WHAT THE TASK REQUIRES:
The pictures in the data below are to be omitted; all else must be duplicated exactly.

SOURCE DATA:
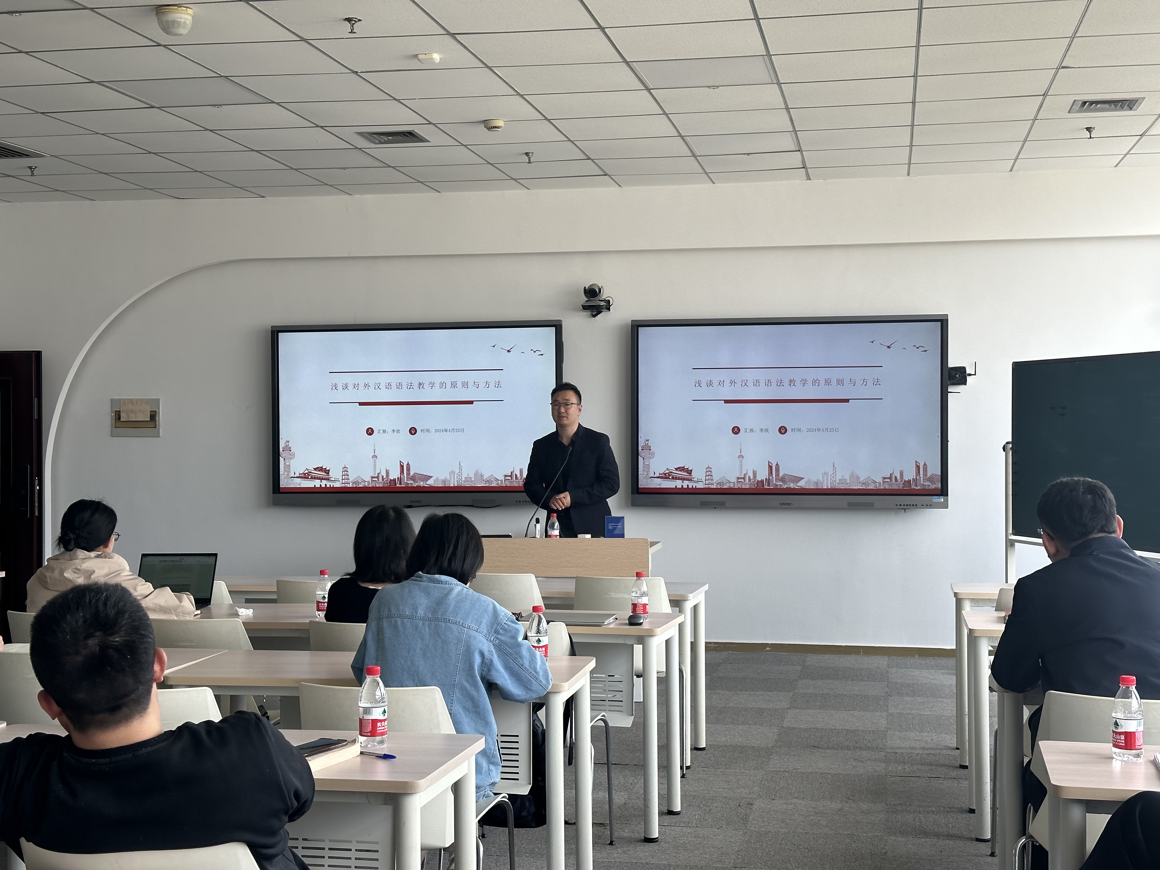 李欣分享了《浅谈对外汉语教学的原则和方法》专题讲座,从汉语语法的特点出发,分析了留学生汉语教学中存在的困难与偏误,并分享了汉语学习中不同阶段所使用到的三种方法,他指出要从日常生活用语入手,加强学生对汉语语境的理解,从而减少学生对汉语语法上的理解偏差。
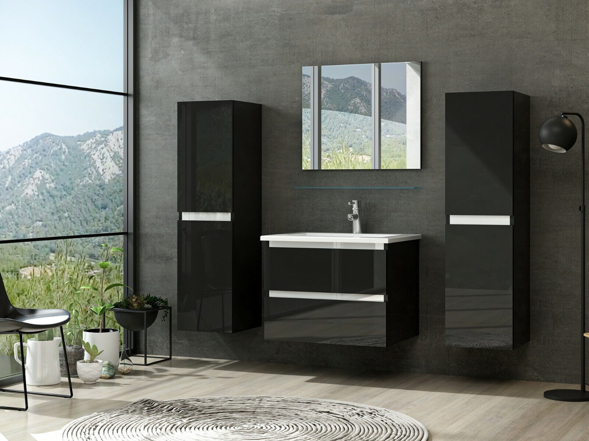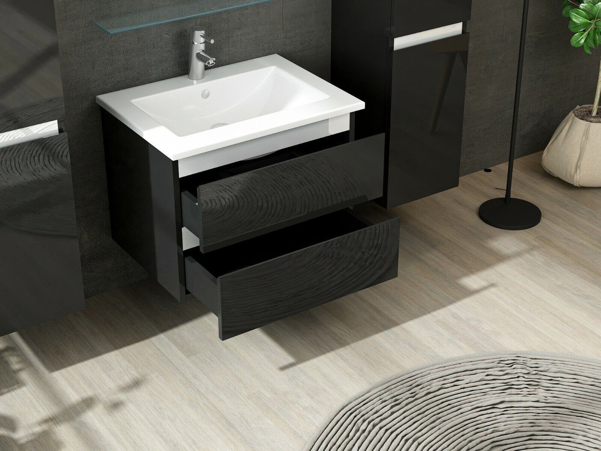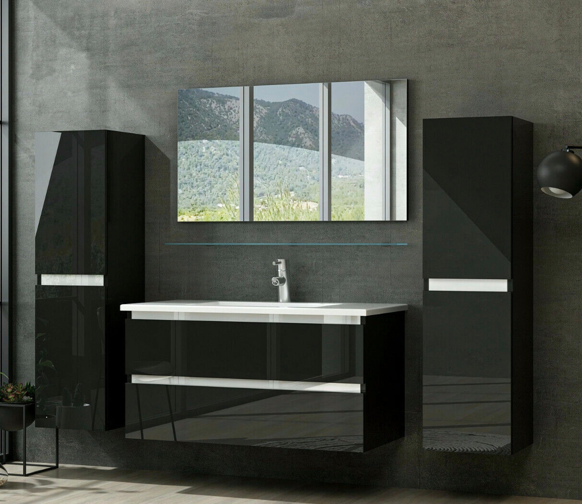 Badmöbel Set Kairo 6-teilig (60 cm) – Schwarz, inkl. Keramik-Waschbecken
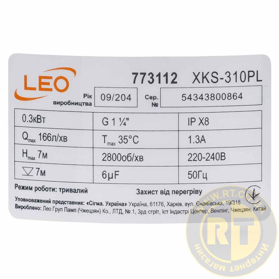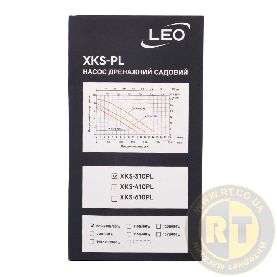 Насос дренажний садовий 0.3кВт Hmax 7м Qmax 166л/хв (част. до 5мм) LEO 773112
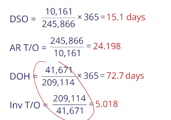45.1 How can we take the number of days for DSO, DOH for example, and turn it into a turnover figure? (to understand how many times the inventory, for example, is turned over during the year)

RESPONSE TO THIS TASK:
 李欣分享了《浅谈对外汉语教学的原则和方法》专题讲座,从汉语语法的特点出发,分析了留学生汉语教学中存在的困难与偏误,并分享了汉语学习中不同阶段所使用到的三种方法,他指出要从日常生活用语入手,加强学生对汉语语境的理解,从而减少学生对汉语语法上的理解偏差。
 Badmöbel Set Kairo 6-teilig (60 cm) – Schwarz, inkl. Keramik-Waschbecken
 Насос дренажний садовий 0.3кВт Hmax 7м Qmax 166л/хв (част. до 5мм) LEO 773112
45.1 How can we take the number of days for DSO, DOH for example, and turn it into a turnover figure? (to understand how many times the inventory, for example, is turned over during the year)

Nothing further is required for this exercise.